* [What to work on]
Restate the data exactly as given and keep the pictures out.

* [Data excerpt]
• • •
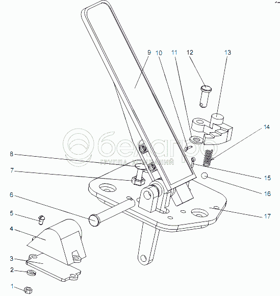Каталог запасных частей к технике: МЗКТ-75165. Педаль с кронштейном 74133-1108005
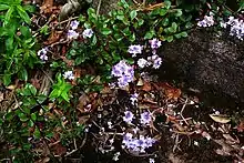 Veronica hulkeana, synonym Hebe hulkeana, the New Zealand lilac,[2] is a species of plant in the Plantaginaceae.[1] Its pale mauve flowers are on long sprays, which develop from the tips of the branches. The dainty flowers, which occur in profusion, last from October until December. The foliage is dark green and shiny. The leaves are elliptic to obtuse in shape and are 7โ10 cm long and 2โ3 cm wide. This cold-hardy plant is easy to grow, providing it has well drained, light soil and an open, sunny position. Its natural habitat is in dry rocky places in the northern part of the South Island up to an altitude of 900 m.
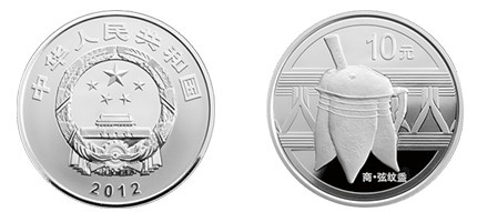中国人民银行定于2012年8月31日发行中国青铜器金银纪念币(第1组)一套。该套纪念币共5枚,其中金币2枚,银币3枚,均为中华人民共和国法定货币。1盎司圆形银质纪念币背面图案为商代弦纹盉,衬以该器物弦纹样等装饰组合设计,并刊“商·弦纹盉”字样及面额。1盎司圆形银质纪念币为精制币,含纯银1盎司,直径40毫米,面额10元,成色99.9%,最大发行量80000枚。 盉作为容器不见于先秦典籍,而弦纹盉最早出现于商代早期,盛行于商晚至西周,延用至东汉,而令人意想不到的是,今日使用的茶壶便是由盉发展而来的。虽然今日之茶壶的外观造型及材料已有了多方面的改变,但功能和使用方式还是类似于弦纹盉,代表着优雅、品位的茶壶,鼻祖却是币中有点古板而简约的弦纹盉,说明了智慧的人类具备着超强触类旁通的创造能力。 (供稿:北京银协集币服务中心)
• • •
* [Written solution]
Каталог запасных частей к технике: МЗКТ-75165. Педаль с кронштейном 74133-1108005
 Veronica hulkeana, synonym Hebe hulkeana, the New Zealand lilac,[2] is a species of plant in the Plantaginaceae.[1] Its pale mauve flowers are on long sprays, which develop from the tips of the branches. The dainty flowers, which occur in profusion, last from October until December. The foliage is dark green and shiny. The leaves are elliptic to obtuse in shape and are 7โ10 cm long and 2โ3 cm wide. This cold-hardy plant is easy to grow, providing it has well drained, light soil and an open, sunny position. Its natural habitat is in dry rocky places in the northern part of the South Island up to an altitude of 900 m.
中国人民银行定于2012年8月31日发行中国青铜器金银纪念币(第1组)一套。该套纪念币共5枚,其中金币2枚,银币3枚,均为中华人民共和国法定货币。1盎司圆形银质纪念币背面图案为商代弦纹盉,衬以该器物弦纹样等装饰组合设计,并刊“商·弦纹盉”字样及面额。1盎司圆形银质纪念币为精制币,含纯银1盎司,直径40毫米,面额10元,成色99.9%,最大发行量80000枚。 盉作为容器不见于先秦典籍,而弦纹盉最早出现于商代早期,盛行于商晚至西周,延用至东汉,而令人意想不到的是,今日使用的茶壶便是由盉发展而来的。虽然今日之茶壶的外观造型及材料已有了多方面的改变,但功能和使用方式还是类似于弦纹盉,代表着优雅、品位的茶壶,鼻祖却是币中有点古板而简约的弦纹盉,说明了智慧的人类具备着超强触类旁通的创造能力。 (供稿:北京银协集币服务中心)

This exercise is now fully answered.